Exact copy, no pictures: return only the lines below from the line with "3、了解提示内容,明确首次点" up to and including the line with "Schwarzkopf Creme Supreme, Syoss".

Entries supplied
§

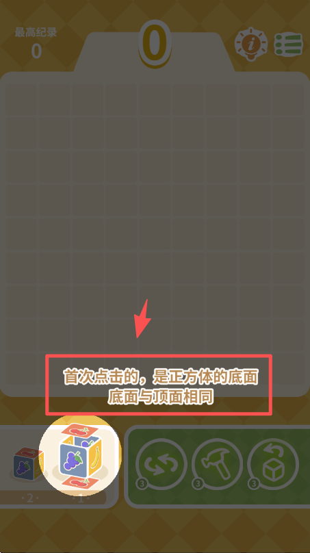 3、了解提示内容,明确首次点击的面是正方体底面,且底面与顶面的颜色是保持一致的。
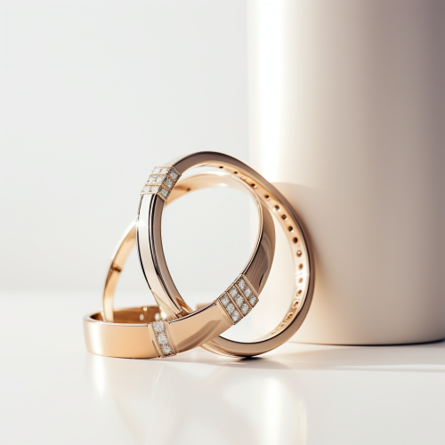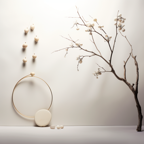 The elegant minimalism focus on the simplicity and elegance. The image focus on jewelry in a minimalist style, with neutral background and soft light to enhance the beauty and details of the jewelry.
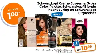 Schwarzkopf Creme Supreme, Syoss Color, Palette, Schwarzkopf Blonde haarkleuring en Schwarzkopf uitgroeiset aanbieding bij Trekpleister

§

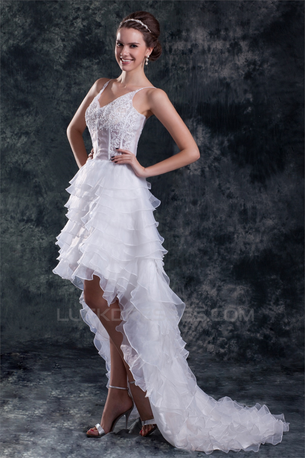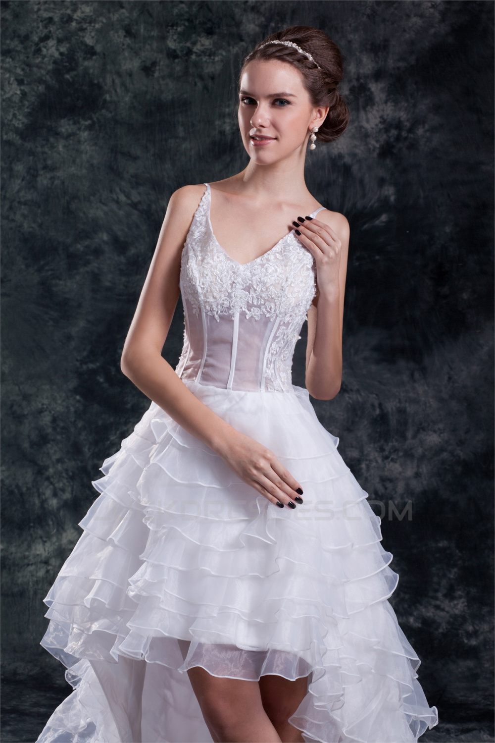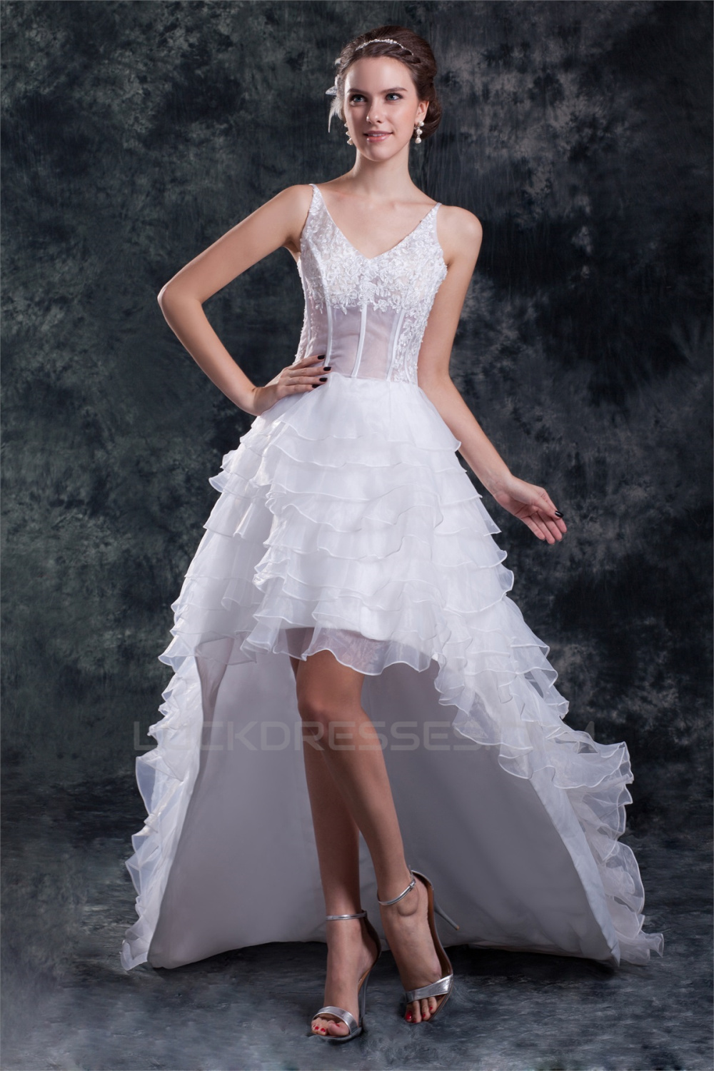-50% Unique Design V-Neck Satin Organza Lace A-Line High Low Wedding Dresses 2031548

§

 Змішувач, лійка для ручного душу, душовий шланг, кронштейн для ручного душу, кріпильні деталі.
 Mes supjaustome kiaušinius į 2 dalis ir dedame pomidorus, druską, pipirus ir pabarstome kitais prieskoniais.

§

Answer box
 3、了解提示内容,明确首次点击的面是正方体底面,且底面与顶面的颜色是保持一致的。
 The elegant minimalism focus on the simplicity and elegance. The image focus on jewelry in a minimalist style, with neutral background and soft light to enhance the beauty and details of the jewelry.
 Schwarzkopf Creme Supreme, Syoss Color, Palette, Schwarzkopf Blonde haarkleuring en Schwarzkopf uitgroeiset aanbieding bij Trekpleister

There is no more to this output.